In polar materials (like ferroelectrics), atoms carry effective charges that create long-range electrostatic interactions. These interactions decay slowly with distance (as 1/r³) and are crucial for:

Phonon frequencies at long wavelengths
Ferroelectric phase transitions
Dielectric properties
Accurate force fields

Born Effective Charges

The Born effective charge tensor Z* describes how an atom’s charge distribution responds to an electric field:

\[Z^*_{i,\alpha\beta} = \frac{\partial p_\alpha}{\partial r_{i,\beta}}\]

where:

\(i\) is the atom index
\(\alpha, \beta\) are Cartesian directions (x, y, z)
\(p_\alpha\) is the polarization in direction \(\alpha\)
\(r_{i,\beta}\) is the position of atom \(i\) in direction \(\beta\)

Key properties:

Z* is a 3×3 tensor for each atom (9 numbers)
It can be computed from first principles (DFT) using codes like Quantum ESPRESSO
The acoustic sum rule requires: \(\sum_i Z^*_{i,\alpha\beta} = 0\) for each \(\alpha, \beta\)

Dielectric Tensor

The high-frequency dielectric tensor \(\varepsilon_\infty\) describes how the material polarizes in response to an electric field when atoms are held fixed:

\[P_\alpha = \varepsilon_0 \sum_\beta (\varepsilon_{\infty,\alpha\beta} - \delta_{\alpha\beta}) E_\beta\]

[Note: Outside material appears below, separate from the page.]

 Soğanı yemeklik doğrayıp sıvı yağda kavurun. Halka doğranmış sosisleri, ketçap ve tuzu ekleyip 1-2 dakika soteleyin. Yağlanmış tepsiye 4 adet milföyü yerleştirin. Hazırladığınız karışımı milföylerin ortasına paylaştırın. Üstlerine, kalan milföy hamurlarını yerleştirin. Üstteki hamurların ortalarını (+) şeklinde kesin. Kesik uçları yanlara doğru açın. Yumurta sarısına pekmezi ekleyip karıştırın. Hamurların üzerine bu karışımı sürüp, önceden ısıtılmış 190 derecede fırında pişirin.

This is typically a 3×3 symmetric matrix obtained from DFT calculations.

Ewald Summation

Computing long-range interactions in periodic systems requires special techniques. The Ewald summation splits the interaction into:

Real-space part: Short-range, converges quickly
Reciprocal-space part: Long-range, computed in Fourier space

py-electrostatic uses an optimized k-space summation with Gaussian charge screening.

Key Parameters

eta (Å)

The Gaussian screening parameter. Controls the balance between real-space and k-space convergence:

Smaller η: More k-points needed, faster real-space convergence
Larger η: Fewer k-points, slower real-space convergence
Typical values: 0.5-1.0 Å for most materials

cutoff (dimensionless)

Determines how many k-points to include:

Include all k-points with \(|k| < \text{cutoff}/\eta\)
Typical values: 3-5
Higher values = more accurate but slower

use_nufft

Enable Non-Uniform FFT for O(N²) scaling:

True (default): Faster for large systems (>50 atoms)
False: Standard O(N³) method, good for small systems

Where to Get Parameters

Born charges and dielectric tensors are typically computed with:

Quantum ESPRESSO: Use ph.x with epsil=.true.
VASP: Set LEPSILON = .TRUE.
ABINIT: Use rfelfd 1

These are saved in dynamical matrix files that CellConstructor can read.